Ed Darrell writes in with a response to this article, in which I remark on David Warren’s observations that once again, the latest fad among the rich and trendy in the West (that is, environmentalism) is serving only to further oppress those who live in poverty in Third World nations, as the biofuel craze drives the price of food through the roof world-wide.
…environmentalism seems to have become just one more playground for wealthy Westerners, a way we can wring our hands and make ourselves feel good for having done something, the same as when we banned DDT. And yet we do not, by our actions, achieve any meaningful positive environmental impact. Indeed, the only impact we manage to achieve is that, in our selfish desire to be “green,” we further impoverish and condemn to a most terrible fate thousands or millions of people living in poorer nations. And in the end, our selfishness backfires on us as well — the same “green” fuels we might desire to use in our cars are, in fact, very difficult to produce, and the production processes far more polluting than those used to refine crude oil into petrol.
But then, that pollution happens elsewhere, and not in our back yards or on the roads upon which we drive. We do not see it, and so can safely pretend it does not exist.

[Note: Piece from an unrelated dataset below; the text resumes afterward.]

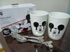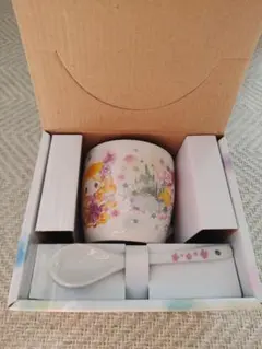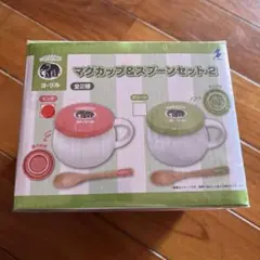 スヌーピーのイラストが描かれた赤いマグカップとスプーンのセット。

But, had we listened to the “environmentalists” about DDT in 1962, and dramatically reduced its broadcast use, it would still be effective against mosquitoes that carry malaria. Rachel Carson was right about DDT — it’s a killer, especially released willy-nilly in the wild. Bald eagles were just big canaries in our mine.
If we must designate a culprit in the DDT annals, it would be those who thought we could just poison the heck out of Africa and forget about the people there, rather than make serious efforts to fight malaria. Malaria is a complex problem, and throwing poison into the wild won’t improve the health care system, make governments stable, educate people how to look out for their own health and well being, or stimulate the economies so people can afford adequate housing to protect them from malaria-bearing mosquitoes.
Environmentalism is based in increasing our knowledge about God’s creation and where humans can and should fit in, and asking the question, “How can we be better stewards of this planet?” I think you may have given short shrift to those grander ideas.
Malaria really isn’t that complex a problem to solve — the ancient Romans knew exactly what they were doing when they dredged the swamps of Old Italy and wiped out mosquito breeding grounds on that little archipelago. In South American nations where comprehensive DDT programs were implemented, the same effects were achieved without the need to dredge swamps and destroy the natural habitats of other forms of wildlife.
The fact of the matter is, even the WHO ended its ban on DDT because the resurgence in malaria-related deaths marched in lockstep with the DDT ban in the first place. And in much the same way as Western use of biofuels is killing the poor in the Third World, the countries primarily afflicted by a resurgence in malaria (and the countries in which most malarial deaths occur as a result of the pressure by the West to ban the use of DDT) are poor, Third World countries. Western environmentalism, like every other fashionable trend, piggy-backs itself on the suffering and blood of the poor elsewhere in the world, and all so rich white folks can pump an alternative fuel into their SUV and tell themselves that they’re working to save the planet (even though that fuel cost more, in terms of pollutants released, to produce than normal petroleum does).
Rachel Carson’s Silent Spring was not a scientific study or a comprehensive research paper. It was a novel, and then a fictional one. And on the merits of the picture she painted with that novel, the West rushed to ban the use of DDT world-wide, despite the fact that DDT was later demonstrated to cause none of the harmful effects it was blamed (and banned) for. It does not cause eggshell thinning in avian populations, the American Environmental Protection Agency (EPA) concedes that it does not pose a carcinogenic risk to human beings, and that it likewise poses no mutagenic/teratogenic danger. It does not appear to have any damaging effect on freshwater aquatic ecosystems either.
It was banned because of a work of fiction and the knee-jerk, guilt-ridden emotionalism of Western liberalism. And the poor, globally, in many Third World countries, will and have paid with their lives for that particular Western fad.
The thing is, DDT was effective — damn effective. In Venezuela, it reduced the number of cases of malaria from over eight million in 1943 to eight hundred by 1958. India and modern Italy saw similar dramatic reversals (Italy, in particular, recorded only 37 cases of malaria in 1967, down from over 400,000 roughly fifteen years earlier).
It would be nice to believe that environmentalists only want to increase our knowledge about the creation that God has made us stewards over. But the evidence on the ground tends to paint a different picture, and then not a pleasant one. environmentalism may have had noble intentions at its origin, as feminism did. But, like feminism, environmentalism has shaped itself into something much more malevolent. In the case of environmentalism, it has become a weird mash-up between those who would use it as a vehicle to advance an explicitly socialist (if not outright Marxist) political and economic agenda, and those who would use bad science to play upon the knee-jerk guilt of the modern Western liberal and by so doing enrich themselves (Al Gore would be a great example here).